The buskers are out in force. A poet, who'd recite any of a few hundred Irish poems, a crappy guitarist doing Jimi Hendrix songs, a singer outside Bewleys who has cassettes for sale and has the advantage of using a microphone, then there's a flute player who only seems to know Hey Jude and Morning Has Broken, an old fiddler who's not too shabby, a rather great group of what look like schoolkids, a piper, box player, guitar, fiddle, bodhran and flute) and bejaysus, they play the folkie stuff well.
Best of all, though, was Liam. Pity he only made £1.13.

2:50pm
The Irish Film Centre
Tickets £2.50 each, for The Tin Drum. One of my favourite novels. Explaining the symbolism of Oskar Matzerath and the analogy to Germany 1939-1945 to Liam. I'm not sure I explained it very well.

5:40pm
The film doesn't quite get to the end of the book. But, on the way, the skirts, the toy shop, the screams, the breaking glass, the eels, the fall down the stairs, the post office, Maria and the fizz powder, dancing on the concrete boxes, Kurt's present, the party pin, Roswitha's coffee, leaving on the train. I'm expecting more, but that's where the film ends the story.

9:20pm
Finally found a session at the Brazen Head, and joined in. Lots of songs, but it wasn't very good.

 

Sunday 12/3
9:45am
Reading Dubliners. The Ivy League. The man who could not return love. The zen moments in time.

11:20am
The American Laundromat, in South Great Georges. The walls are decorated with posters for upcoming events. And Liam and I have trekked Bloom territory this morning. Westland Row Station (new Pearse), pass "All Hallows", down the street under the railway where Bloom furtively reads his love letter, Sweny's (which has lemon soap for sale, as it should, £5.15 for three or £3.50 for one), the Mont Clare hotel, the Cabman's Shelter has gone.

2:15pm
O'Connell Street. The kids are going to the Savoy for "Star Trek : Generations", not me, never was a Trekkie. There's lots of child beggars on the street, the 'hunry and homeless', and I'm wondering if the spelling mistake was intentional. Another, outside the Savoy, working the queue, with the palm out and upward.

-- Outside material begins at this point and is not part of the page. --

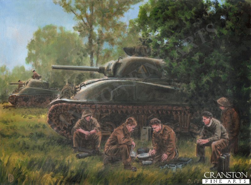Colomby-Sur-Thaon, Normandy, 11th June 1944. British Sherman MkII's of 4th Armoured Brigade, enjoy a tea break prior to being sent to support Canadian troops against an expected German attack. The Brigade consisted of the 2nd Dragoon Guards The Scots Greys, 3rd County of London Yeomanry The Sharpshooters, and the 44th Royal Tank Regiment.

The Madigan Bar. Down Talbot Street. We sit in the front section, under a portrait of Joyce. other illustrations on the walls include Joyce's school, Nora with family, his graduation photo from Trinity. Even the men's has tiled portraits. This is great, you get to contemplate genius while taking a piss.

But the best was reading 'Grace' and 'The Dead', from Dubliners, in Madigans, even though I did feel a tad pretentious doing it.

 

Monday 13/3
7:45am
Apparently French people spent the equivalent of 8 days, over a lifetime, saying 'bonjour."

9:05am
The blue-faced clock set into the front of Trinity College, the one that one of the characters in Dubliners steps off the footpath to read.
Began mentally composing an essay on Ulysses, imagining that I'd been set the topic of 'my favourite novel'. It would begin "Sweny's, the chemist from which Leopold Bloom buys a bar of lemon soap, is still there, and still sells lemon soap. Barney Kiernan's, the pub in which The Citizen holds forth his views on Ireland, does not - it's now a hairdressers' called 'As You Like It'. The cabman's shelter, where Bloom and Stephen Dedalus meet Skin The Goat, is now part of glass office blocks (not sure about this part of the essay, too wordy). Both the Citizen and Skin The Goat are buried in Glasnevin Cemetery, the place to which the funeral procession for Paddy Dignam heads. Finding them was a thrill. Nighttown, Bella's no longer exists, but is still a dangerous area. Graffiti at the entrance to the apartments there reads "Pushers Out". Scary. Take a photo of where Bella's was, then get out of there fast. I'm not a pusher, but I am unknown there.
But I'll probably never get the chance to write the essay anyway.

3:05pm
Our registration forms are being processed. Had to fill out 3 cards each. Date of Birth, Nationality, Children, Address, etc ... Seemed fairly painless as we had all the right papers this time. The girl seemed quite friendly, "so why did you choose Ireland ?", even if she did have grey teeth. I've never been an alien before.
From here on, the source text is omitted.